The other three acetabular components that were revised, at forty-two, eighty-two, and 111 months postoperatively, had failed because of dissociation of the liner associated with fractures of the tines. These three acetabular shells were well fixed with excellent osseous ingrowth. All three components were HGP-1 sockets.

The average Harris hip score for the ninety-six hips (eighty-two patients) that did not have a revision improved from 48 points (range, 22 to 70 points) preoperatively to 92 points (range, 53 to 100 points) at the latest follow-up examination. Seventy-five hips had an excellent result (90 to 100 points); nine, a good result (80 to 89 points); seven, a fair result (70 to 79 points); and five, a poor result (less than 70 points). The five patients who had a poor result had additional illness that contributed to the low Harris hip score. Two patients had severe degenerative disease of the lumbar spine, one had difficulties with balance and gait because of a systemic mitochondrial disease, one had severe hemiplegia after a stroke in addition to bilateral osteoarthritis of the knee, and one had a severe neuropathy secondary to adrenoleukodystrophy. Fifty-four patients (sixty-three hips) had no pain, and twenty-seven patients (thirty-two hips) had slight occasional pain or mild pain. One patient (one hip) had moderate pain in the region of the hip, which was thought to be the result of degenerative disease of the lumbar spine. Seventy patients could walk at least six blocks, and seventy-two patients had no limp or only a slight limp. Eighty-one of the eighty-two patients were satisfied with the result of the hip replacement.

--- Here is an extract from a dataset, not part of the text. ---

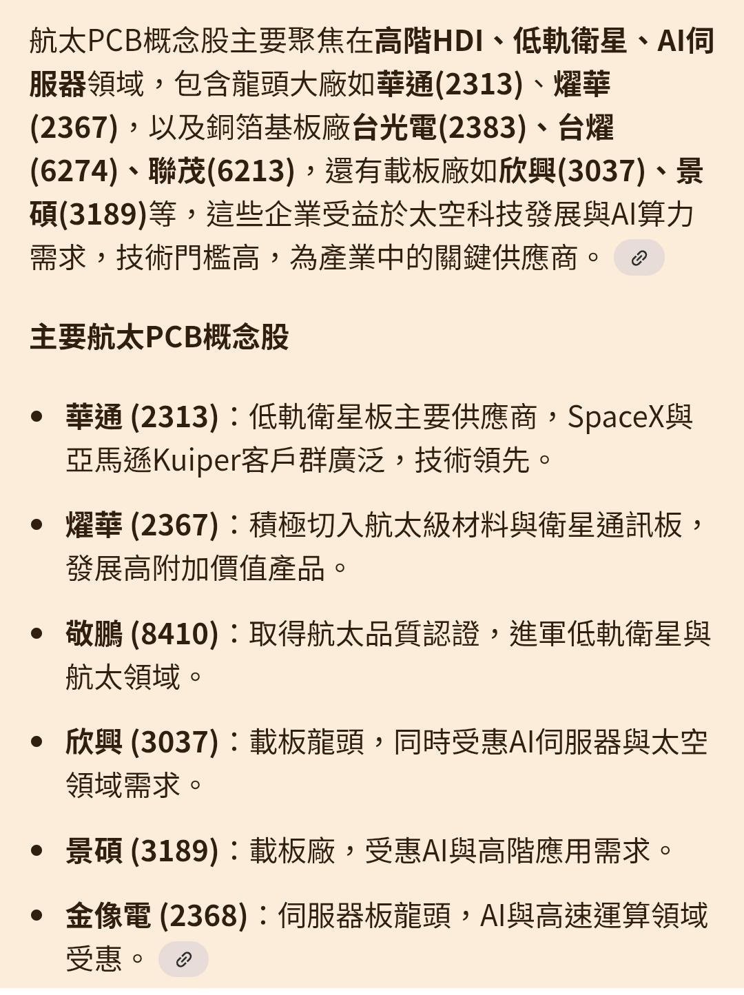樂透大🔥 追蹤 超級幫手 Lv.30 星期一 01:25 敬鵬 燿華 華通 騰輝電子-KY 欣興 展開 +5 敬鵬🔥低軌衛星用板傳捷報🔥取得AS 9100航太品質認證 繼續閱讀 27 2P 0則留言 打賞 分享 留言 讚 取消 送出 留言... 目前沒有任何討論

The average angle of abduction of the ninety-six acetabular components that were in place at the time of the latest follow-up was 35 degrees (range, 28 to 48 degrees). Ninety-four were anteverted, one was in a neutral position, and one was in retroversion. At least 90 percent of the acetabular component was covered with host bone in ninety-two hips, and at least 80 percent was covered in all ninety-six hips. There were no acetabular fractures. One of 264 acetabular screws broke. The average rate of polyethylene wear was 0.09 millimeter per year (range, zero to 0.41 millimeter per year). Four HGP-1 acetabular components had radiographic evidence of a broken tine without dissociation of the liner.

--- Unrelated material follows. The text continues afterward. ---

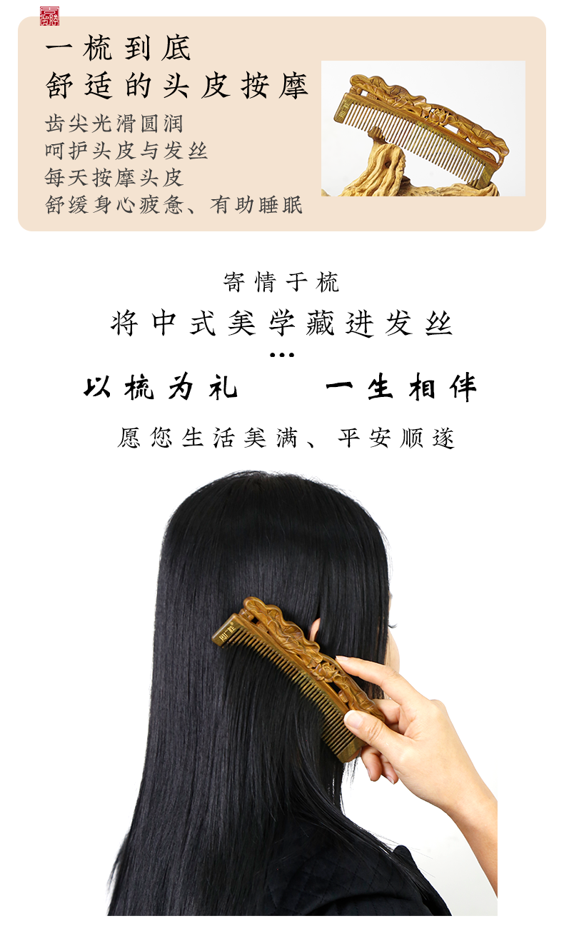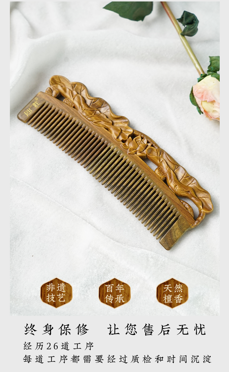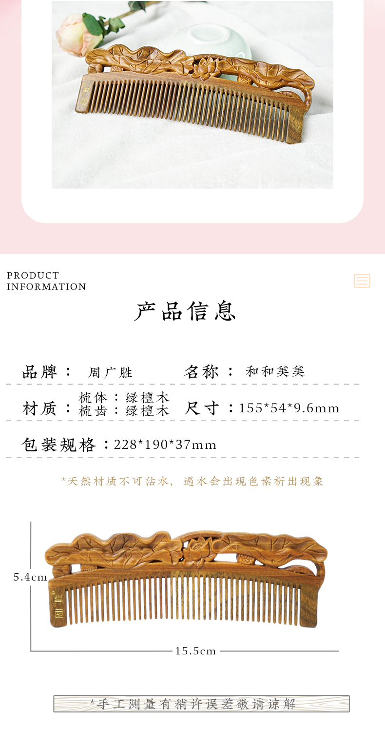 周广胜正品榫卯拼接和和美美天然绿檀护发梳女士便携长发直发顺发

In fifty-five hips, there were no gaps at the interface between the bone and the acetabular component on the immediate postoperative anteroposterior radiograph. Twenty-six of these hips had no radiolucent lines at the bone-implant interface on the anteroposterior radiograph made at the most recent follow-up examination, whereas twenty-nine had at least one radiolucent line. Two hips had a continuous 0.5-millimeter-wide radiolucent line. Forty-one hips had at least one gap, which was one millimeter wide or less in all but one hip, between the bone and the acetabular component on the initial anteroposterior postoperative radiograph. Thirty gaps persisted on the anteroposterior radiograph made at the latest follow-up examination, whereas twenty-one had resolved.

During the thirteen-year span of this study, no acetabular component migrated, was classified as radiographically loose, or was revised because of aseptic loosening. Only two hips had a complete radiolucent line at the acetabular bone-implant interface.

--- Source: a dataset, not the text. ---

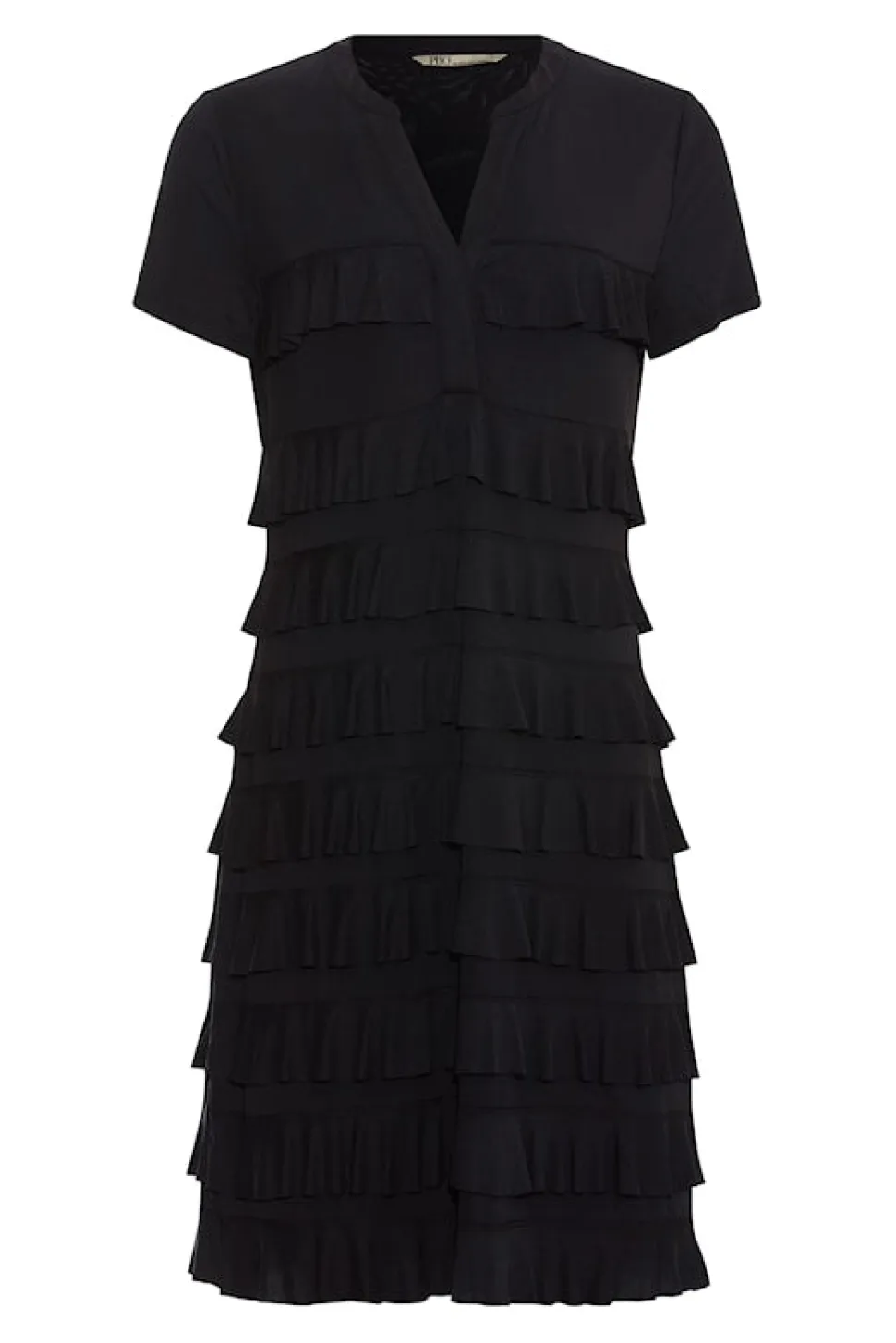Lyhythihainen mekko, jossa v-pääntie ja röyhelöyksityiskohdat.

Anteroposterior radiographs made at the latest follow-up evaluation (available for all ninety-six hips) and Judet radiographs (available for seventy hips) revealed osteolytic lesions adjacent to the acetabular component in five hips. One lesion (ten by fifteen millimeters) was associated with an acetabular screw in zone 1 of DeLee and Charnley⁸, one (eight by twelve millimeters) involved only zone 2, and two lesions (seventeen by fifteen and nine by eleven millimeters) involved both zones 1 and 2. One hip had discontinuous osteolytic lesions in zones 1, 2, and 3, and it was treated with curettage and bone-grafting around the well fixed acetabular component, exchange of the acetabular liner, and exchange of the femoral head at 136 months.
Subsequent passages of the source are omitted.